■ EXERCISE DIRECTIONS ■
Return the data below exactly, minus the pictures.

■ RECORDED DATA ■
━━━━━━━━━━

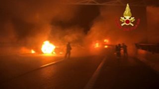 Decine di auto in fiamme sull’autostrada A1: tentato assalto a un portavalori
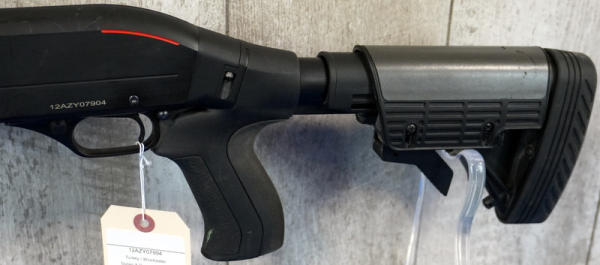 18" Rnd. BBL: smooth action; black synthetic furniture; ATI extendable stock; pistol grip; 2.75" & 3"; CC; Turkey; SN#12AZY07904; A-186
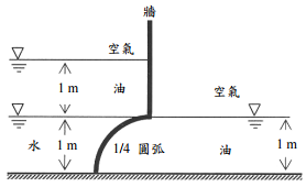 【已刪除】二、如圖為一個與垂直紙面無關的二維(two-dimensional)問題,直立牆下方為一個四分 之一的圓弧,牆之兩側為靜止之液體(油之比重為 0.8)。取垂直紙面之寬度為 1 m, 試求整個牆體(包括直立與圓弧部分)受液體作用總力之大小(單位:牛頓)與方 向。(25 分)
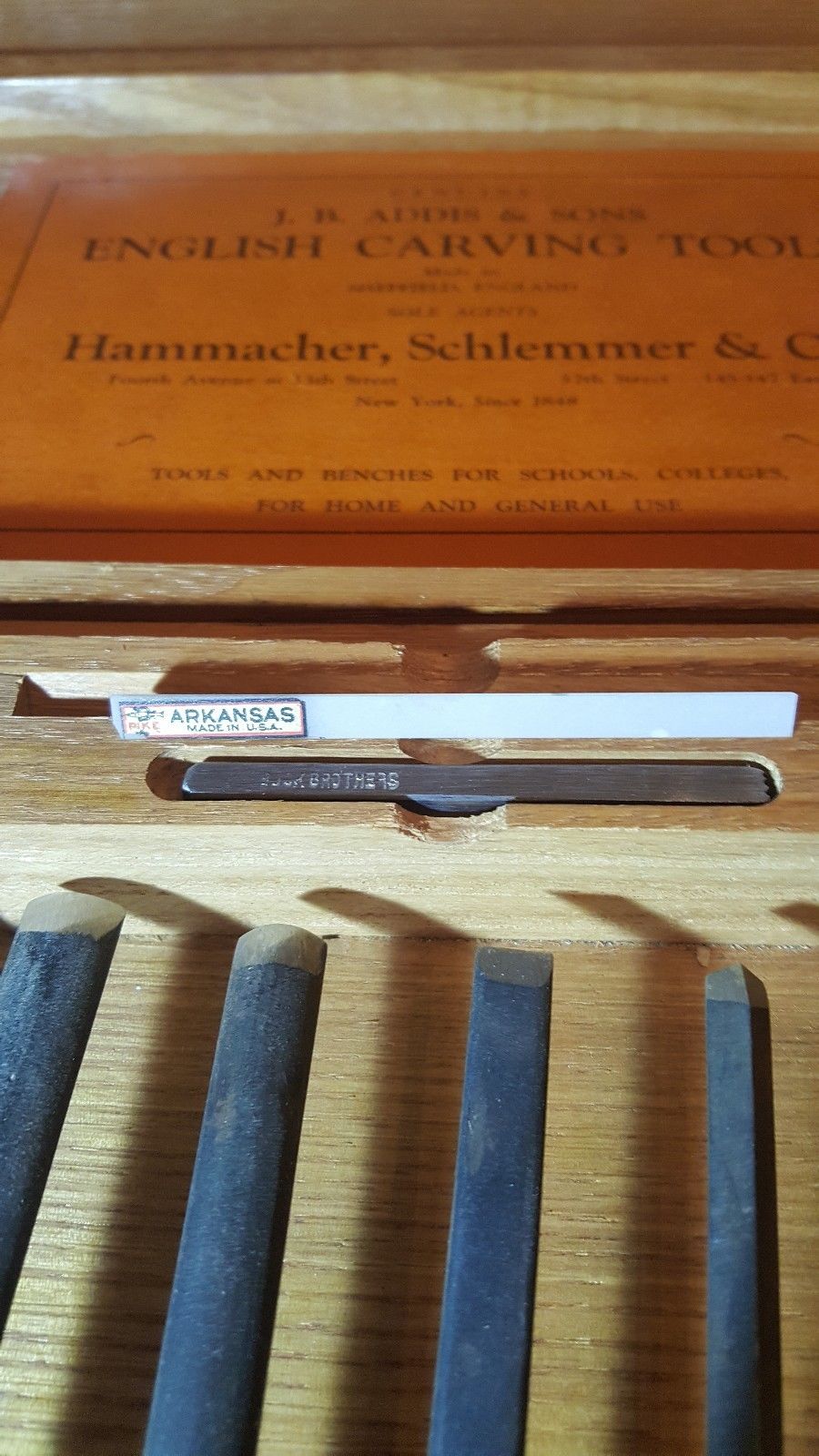 Hammacher, Schemmer & Co. is a New York City store that specialized in hardware and tools when it was founded in the mid-nineteenth century. The company name used on the label in this box of carving tools was adopted in 1883.  The boxed set of 12 tools likely date before WWII. J. B. ADDIS & SONS LTD. continued to operate into the 1950s. H.S. & CO. can be found stamped on many early twentieth century tools, hardware items, and workbenches. Web auction image.

━━━━━━━━━━

■ ANSWER SECTION ■
 Decine di auto in fiamme sull’autostrada A1: tentato assalto a un portavalori
 18" Rnd. BBL: smooth action; black synthetic furniture; ATI extendable stock; pistol grip; 2.75" & 3"; CC; Turkey; SN#12AZY07904; A-186
 【已刪除】二、如圖為一個與垂直紙面無關的二維(two-dimensional)問題,直立牆下方為一個四分 之一的圓弧,牆之兩側為靜止之液體(油之比重為 0.8)。取垂直紙面之寬度為 1 m, 試求整個牆體(包括直立與圓弧部分)受液體作用總力之大小(單位:牛頓)與方 向。(25 分)
 Hammacher, Schemmer & Co. is a New York City store that specialized in hardware and tools when it was founded in the mid-nineteenth century. The company name used on the label in this box of carving tools was adopted in 1883.  The boxed set of 12 tools likely date before WWII. J. B. ADDIS & SONS LTD. continued to operate into the 1950s. H.S. & CO. can be found stamped on many early twentieth century tools, hardware items, and workbenches. Web auction image.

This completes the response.